Auffallend für die Diagnose des Münchhausen-Stellvertretersydnroms sollten die hohe Anzahl an Krankenhausaufenthalten, die ständig wechselnden, beliebigen, aber ausgeprägten Symptome wie Bauchschmerzen, epileptische Anfälle, Bewusstseinsverlust oder Kopfschmerzen sowie die vehemente Einforderung von medizinischer, vor allem aber auch invasiver Diagnostik und/oder Therapie sein. Hinzu kommt, dass sich die Mutter schnell mit dem medizinischen Personal, insbesondere aber mit dem Pflegepersonal anfreundet und sich als ein Teil des Teams sieht, das dem Kind nur das Beste möchte. Verdächtig muss auch die rasche Besserung der Symptomatik während des Krankhausaufenthaltes, aber insbesondere nach Trennung der Mutter vom Kind sein, vor allem wenn solche Symptome immer wieder nur zu Hause auftreten. Häufig ist es auch der Fall, dass die Opfer gezielt unter Druck gesetzt werden, um die Symptome bei Arztbesuchen zu bestätigen.

Die Diagnostik stellt ein regelrechtes Detektivspiel dar, da die Misshandlung meist zu Hause stattfindet und das andere Elternteil, meist der Vater, von der Diagnose überzeugt wird.

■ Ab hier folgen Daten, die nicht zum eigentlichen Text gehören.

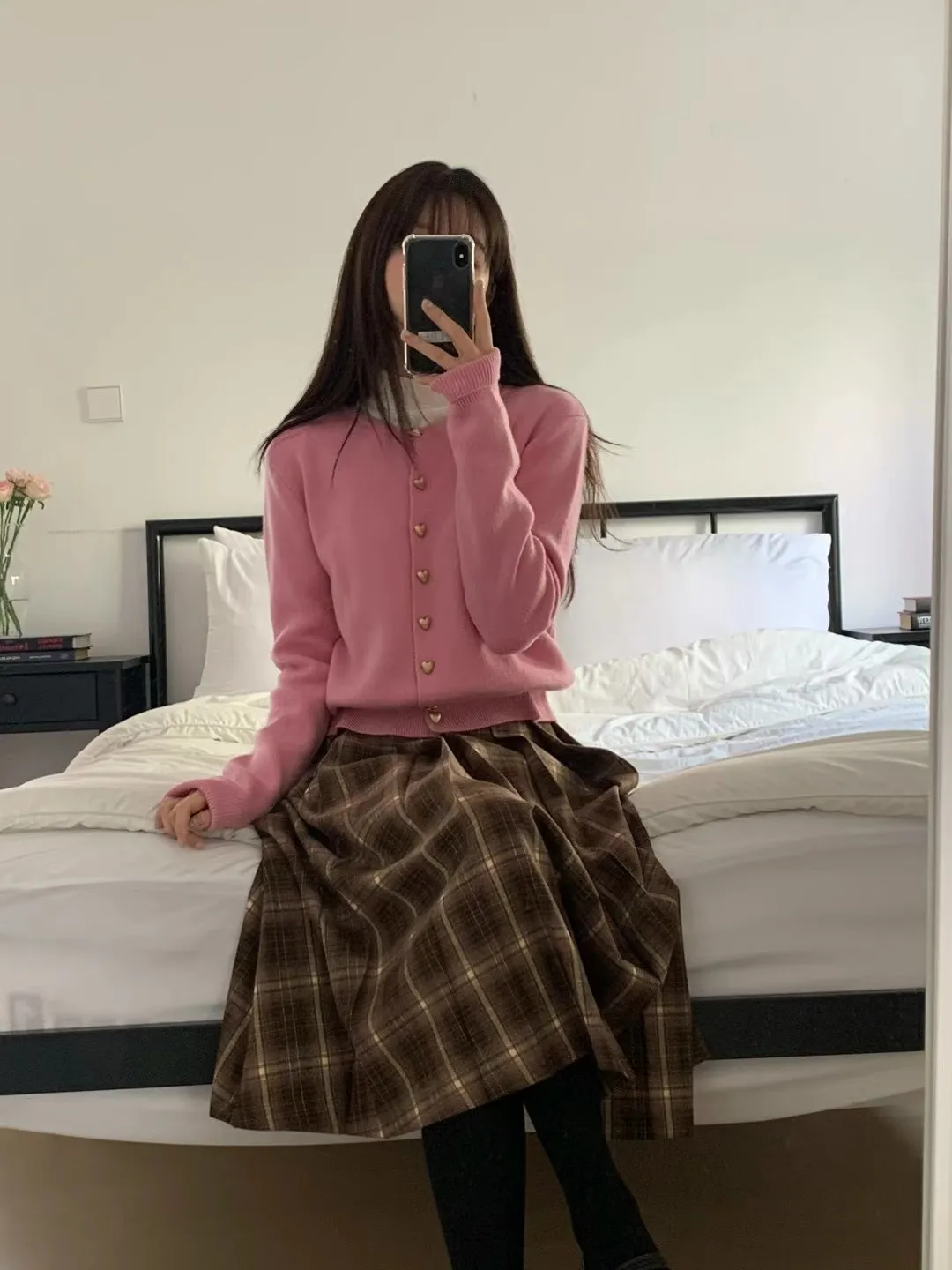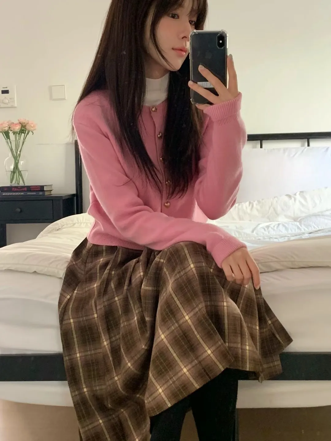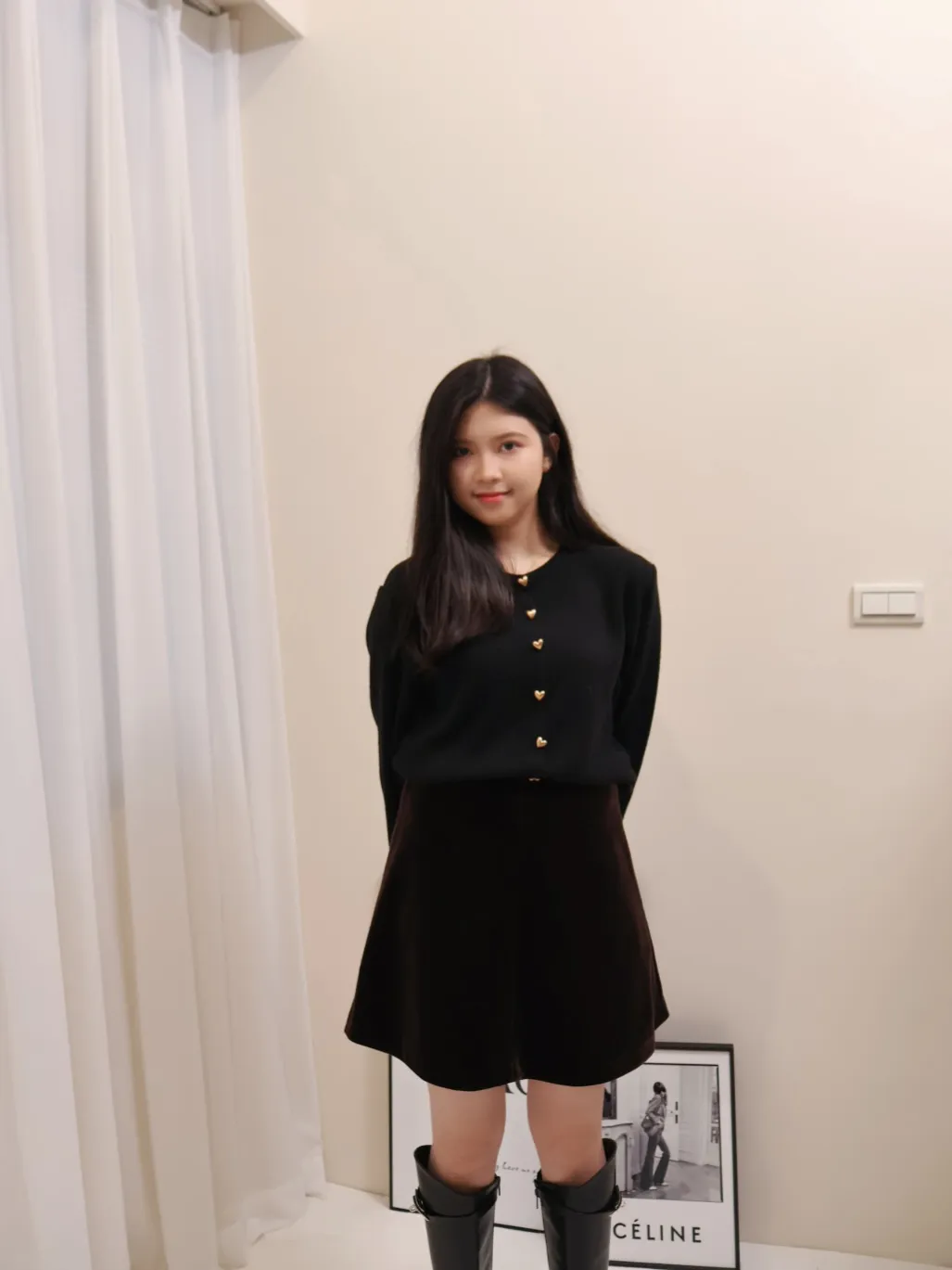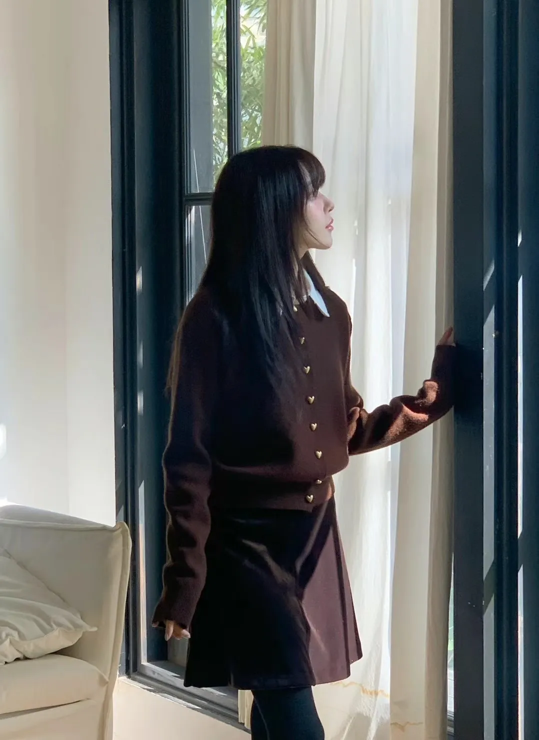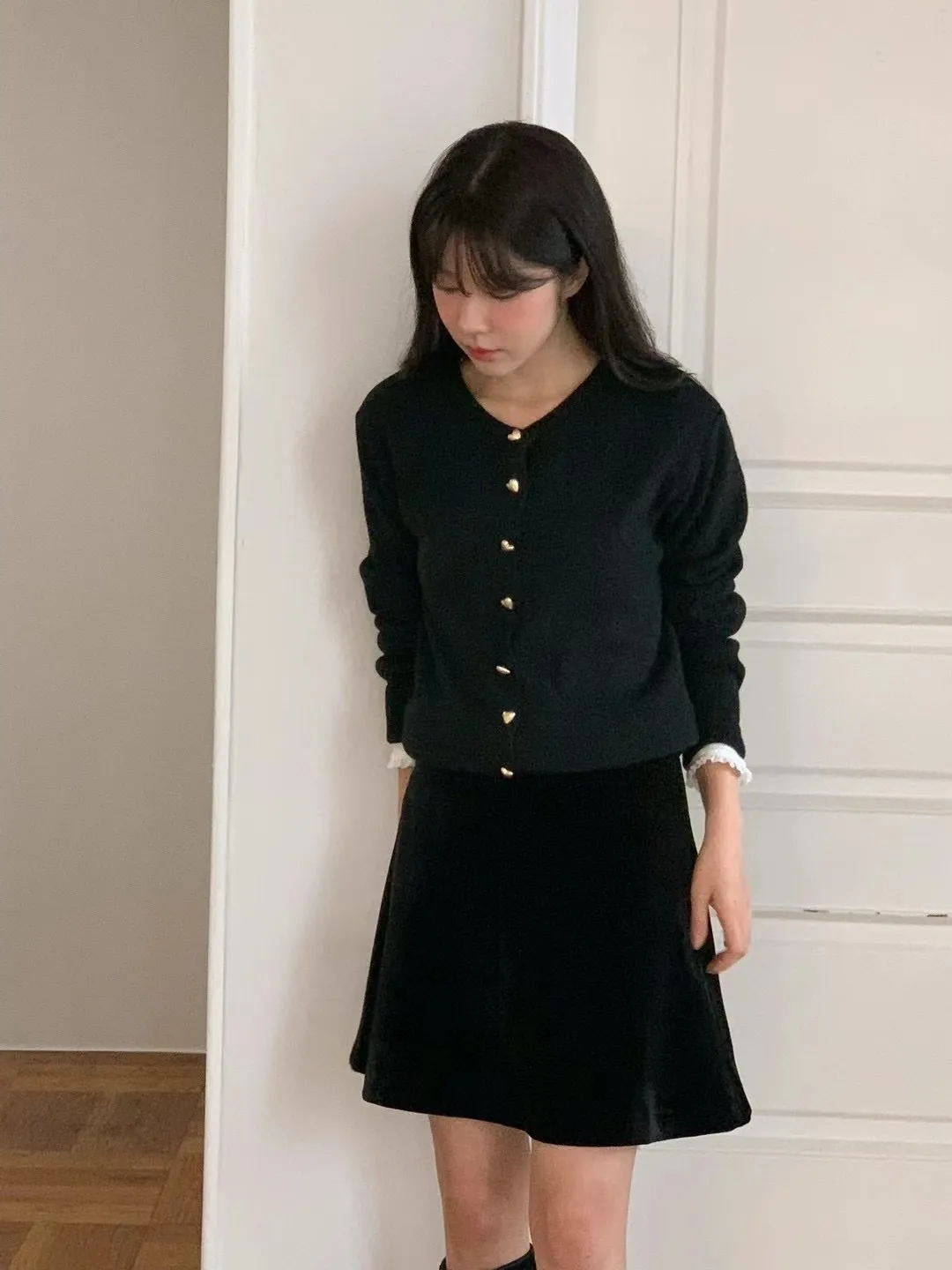 愛心金屬釦高品質親膚圓領簡約長袖針織衫

Daher ist die sicherste Methode die Installierung einer Videokamera im Patientenzimmer, mit der die Täterinnen vor Ort überführt werden können. Dabei sollte die Täterin jedoch nicht auf die Tat angesprochen werden, sondern das Kind erstmal aus der Obhut der Mutter entfernt werden um dann weiteres Vorgehen zu starten.

6 Therapie

Obschon die Diagnose eines Münchhausen-by-proxy-Syndroms als äußerst schwierig einzuordnen ist, birgt die Therapie noch größere Hürden. Nach dem Verdacht des Arztes ohne hinreichenden videographischen Beweis, sollte eine stabile Arzt-Patienten-Beziehung zur Mutter das vorderste Ziel sein. Auf keinen Fall wird geraten, sofort zu denunzieren, da sonst eine rasche Beendigung der Beziehung befürchtet werden muss. Die Symptome sollten ohne Erwähnung des Betrugs thematisiert werden, für den eigentlichen Patienten, die Mutter, sollte sowohl Verständnis als auch Zeit und Geduld aufgebracht werden, um die Gründe der Taten nachvollziehen zu können. Dabei gilt in erster Linie natürlich auch der Schutz des Kindes, eventuell mittels Sorgerechtsentzug, wobei dabei das Phänomen des Multiple-Child-Münchhausen-by-proxy-Syndroms zu erwarten ist, indem die Mütter die Misshandlungen bei ihren anderen Kindern fortführt.

Mit einem Übergleiten in eine stationär-ambulante Intervalltherapie muss nach einer individuellen Therapie aus verhaltenstherapeutischen, psychoedukativen und/oder konfliktorientierten Elementen gesucht werden, da es für das Stellvertretersyndrom keine evidenzbasierte Therapie gibt. Jedoch haben für dieses sanfte Übergleiten nur circa ein Viertel der Betroffenen die dafür benötigten Voraussetzungen, dem Rest sollte durch eine psychiatrisch-psychotherapeutische Krisenintervention geholfen werden.

Die Prognose ist jedoch eher ungünstig, sowohl für die Genesung der Mütter, als auch für die des Kindes, das durch die Traumatisierungen körperliche und psychische Schädigungen erlitten hat, wodurch sich sein eigenes Sterberisiko erhöht und zum anderen durch die transgenerationale Weitergabe wieder Gefahren für die zukünftigen eigenen Kinder entwickeln.